What needs to be done -> Print only the lines below from the one with "Vidd magaddal az" to the one with "Large crystal droplets", both included, exactly as they stand. Leave pictures out.

Data section ->

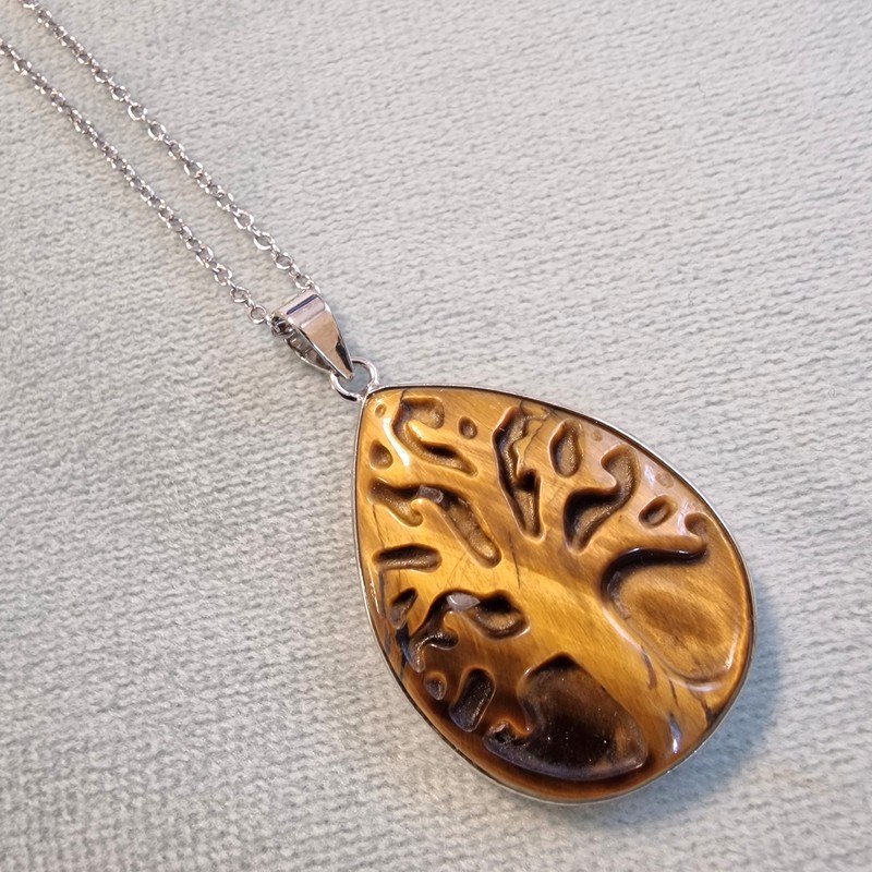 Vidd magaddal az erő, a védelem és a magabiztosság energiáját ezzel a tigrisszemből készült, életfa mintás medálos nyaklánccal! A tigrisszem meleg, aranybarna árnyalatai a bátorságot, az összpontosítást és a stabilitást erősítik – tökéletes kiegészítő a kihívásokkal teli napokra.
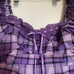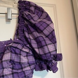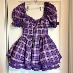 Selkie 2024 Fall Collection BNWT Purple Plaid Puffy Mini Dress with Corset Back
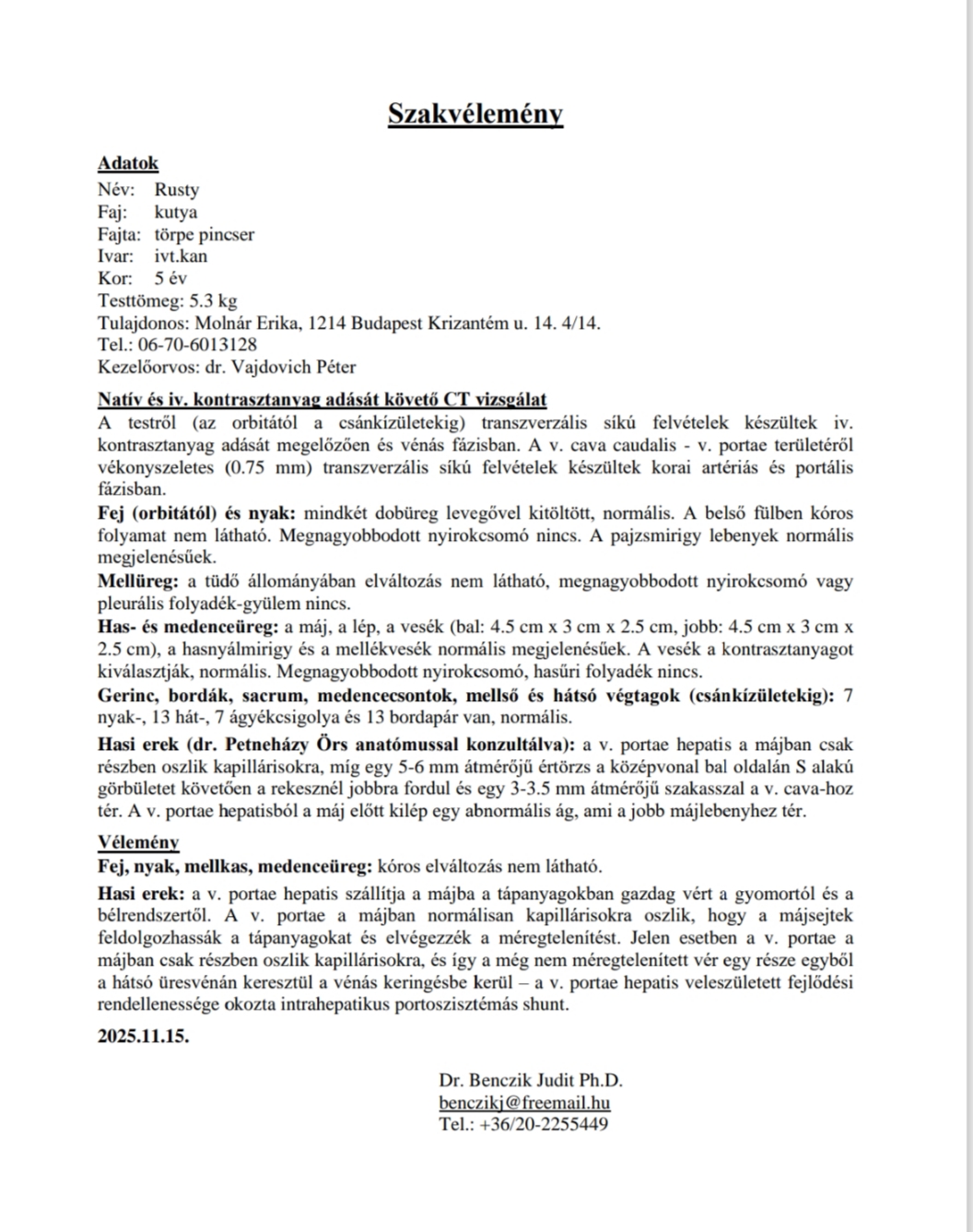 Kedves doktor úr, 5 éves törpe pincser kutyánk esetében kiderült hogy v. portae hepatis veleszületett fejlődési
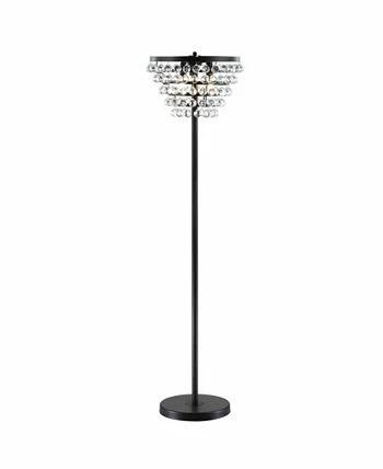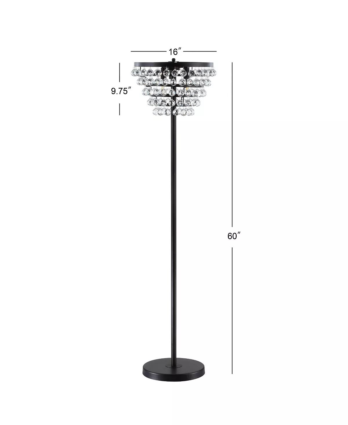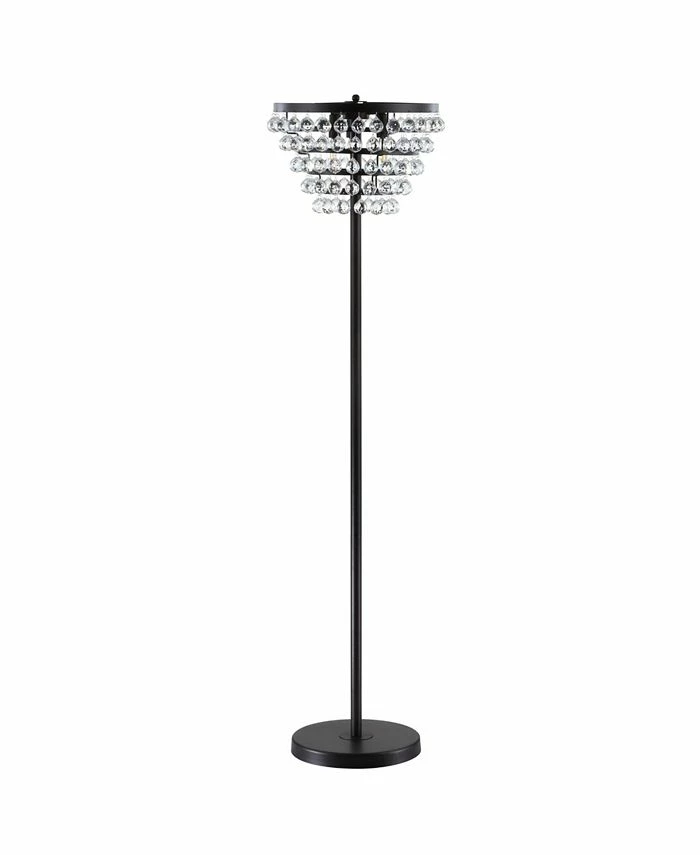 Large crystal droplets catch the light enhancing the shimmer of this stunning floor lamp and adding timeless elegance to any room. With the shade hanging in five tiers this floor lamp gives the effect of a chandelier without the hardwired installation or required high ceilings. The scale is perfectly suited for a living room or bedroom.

* * *

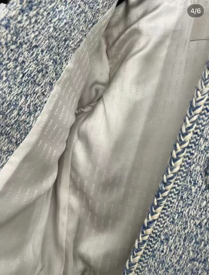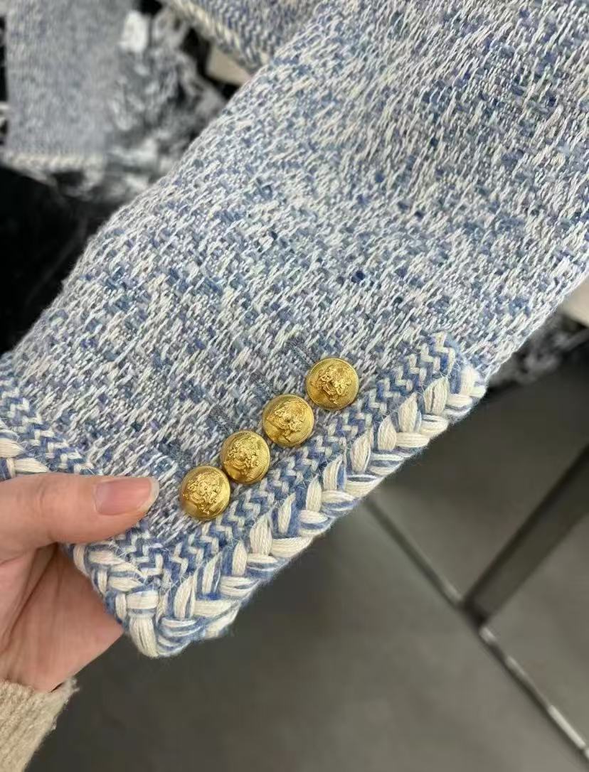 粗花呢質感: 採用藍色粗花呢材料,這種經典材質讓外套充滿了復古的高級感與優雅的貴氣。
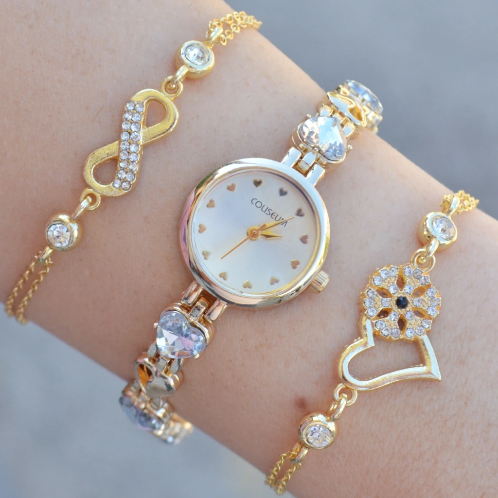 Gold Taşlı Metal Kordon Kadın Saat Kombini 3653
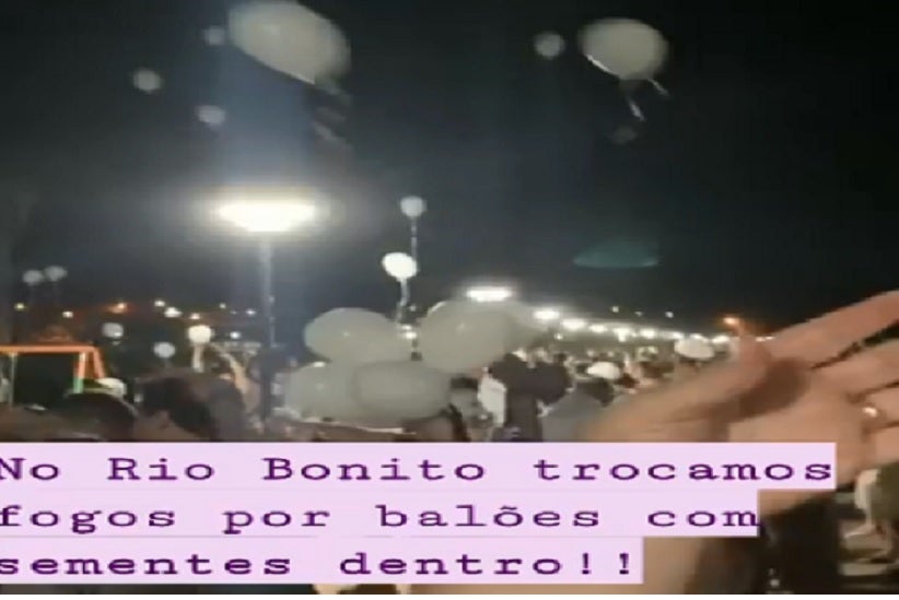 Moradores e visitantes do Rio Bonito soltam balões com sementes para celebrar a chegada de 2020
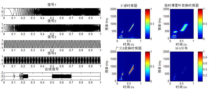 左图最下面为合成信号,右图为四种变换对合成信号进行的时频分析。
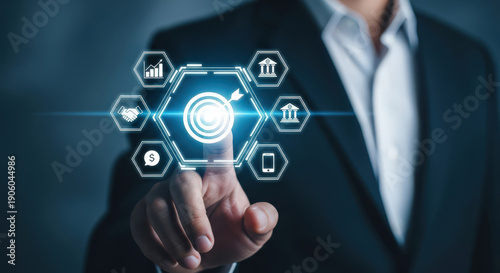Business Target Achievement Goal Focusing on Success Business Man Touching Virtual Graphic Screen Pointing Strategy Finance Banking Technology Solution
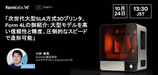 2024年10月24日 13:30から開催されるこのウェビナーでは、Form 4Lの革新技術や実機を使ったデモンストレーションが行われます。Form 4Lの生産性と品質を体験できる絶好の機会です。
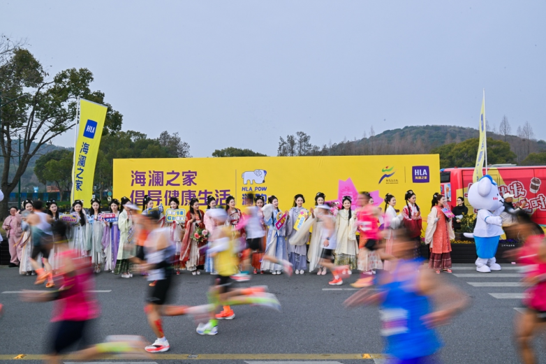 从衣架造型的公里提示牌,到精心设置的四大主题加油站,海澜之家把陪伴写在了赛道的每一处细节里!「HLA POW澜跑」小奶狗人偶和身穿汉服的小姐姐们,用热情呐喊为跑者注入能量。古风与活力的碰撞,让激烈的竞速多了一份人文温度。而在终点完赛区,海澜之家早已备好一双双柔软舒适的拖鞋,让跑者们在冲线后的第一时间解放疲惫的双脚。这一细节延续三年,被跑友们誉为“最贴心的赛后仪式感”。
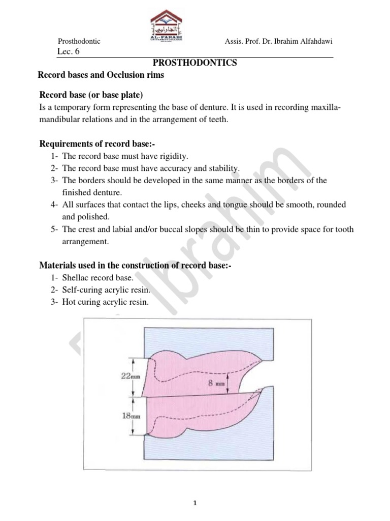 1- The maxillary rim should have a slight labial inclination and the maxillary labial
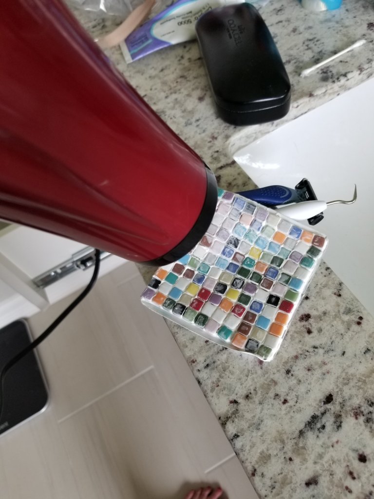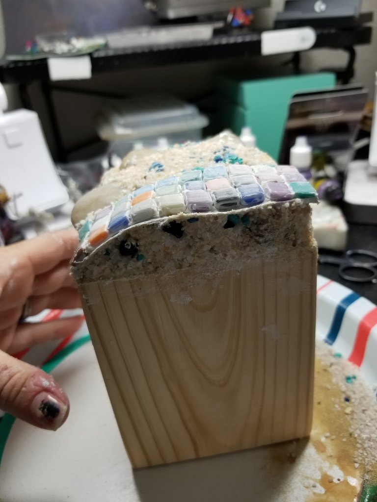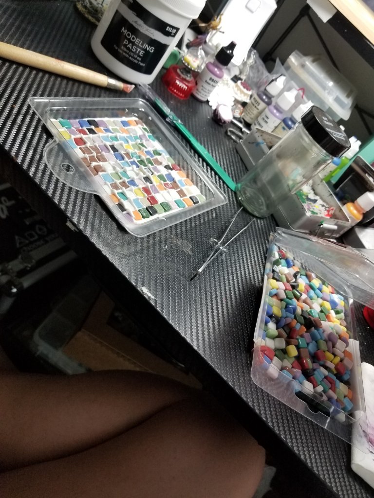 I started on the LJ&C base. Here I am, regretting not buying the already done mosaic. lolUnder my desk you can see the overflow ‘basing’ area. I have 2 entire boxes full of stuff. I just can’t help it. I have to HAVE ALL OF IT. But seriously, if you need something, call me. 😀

...

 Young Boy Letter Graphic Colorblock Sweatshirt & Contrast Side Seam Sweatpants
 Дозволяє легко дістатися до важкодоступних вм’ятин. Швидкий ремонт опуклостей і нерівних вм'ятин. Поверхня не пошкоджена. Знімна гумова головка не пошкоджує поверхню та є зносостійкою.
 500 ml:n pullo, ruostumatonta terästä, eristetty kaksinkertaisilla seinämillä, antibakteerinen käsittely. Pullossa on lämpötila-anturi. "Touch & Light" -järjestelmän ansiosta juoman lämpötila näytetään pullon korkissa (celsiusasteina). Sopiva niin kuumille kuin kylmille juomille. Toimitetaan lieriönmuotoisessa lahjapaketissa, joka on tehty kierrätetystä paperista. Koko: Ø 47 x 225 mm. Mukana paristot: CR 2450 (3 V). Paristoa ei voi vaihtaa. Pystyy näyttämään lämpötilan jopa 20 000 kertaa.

Result of the task ->
 Vidd magaddal az erő, a védelem és a magabiztosság energiáját ezzel a tigrisszemből készült, életfa mintás medálos nyaklánccal! A tigrisszem meleg, aranybarna árnyalatai a bátorságot, az összpontosítást és a stabilitást erősítik – tökéletes kiegészítő a kihívásokkal teli napokra.
 Selkie 2024 Fall Collection BNWT Purple Plaid Puffy Mini Dress with Corset Back
 Kedves doktor úr, 5 éves törpe pincser kutyánk esetében kiderült hogy v. portae hepatis veleszületett fejlődési
 Large crystal droplets catch the light enhancing the shimmer of this stunning floor lamp and adding timeless elegance to any room. With the shade hanging in five tiers this floor lamp gives the effect of a chandelier without the hardwired installation or required high ceilings. The scale is perfectly suited for a living room or bedroom.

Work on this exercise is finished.